- **Prompt**:
Print the listing as it stands, omitting all images.

==== Raw data

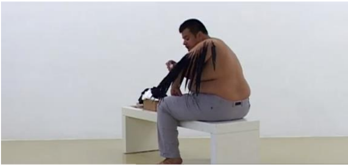
Feather Piece , 2013
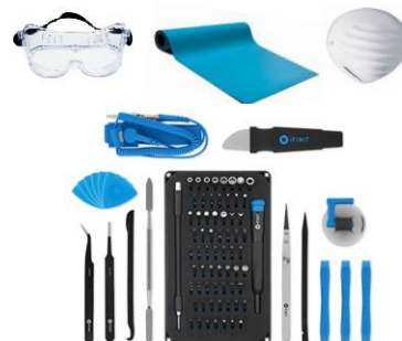
iFixit Pro Tech Toolkit and PPE: Goggles, Dust Mask, Anti-Static Mat
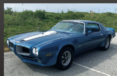
1970 PONTIAC FIREBIRD TRANS AM

========

- **Response area**:
Feather Piece , 2013
iFixit Pro Tech Toolkit and PPE: Goggles, Dust Mask, Anti-Static Mat
1970 PONTIAC FIREBIRD TRANS AM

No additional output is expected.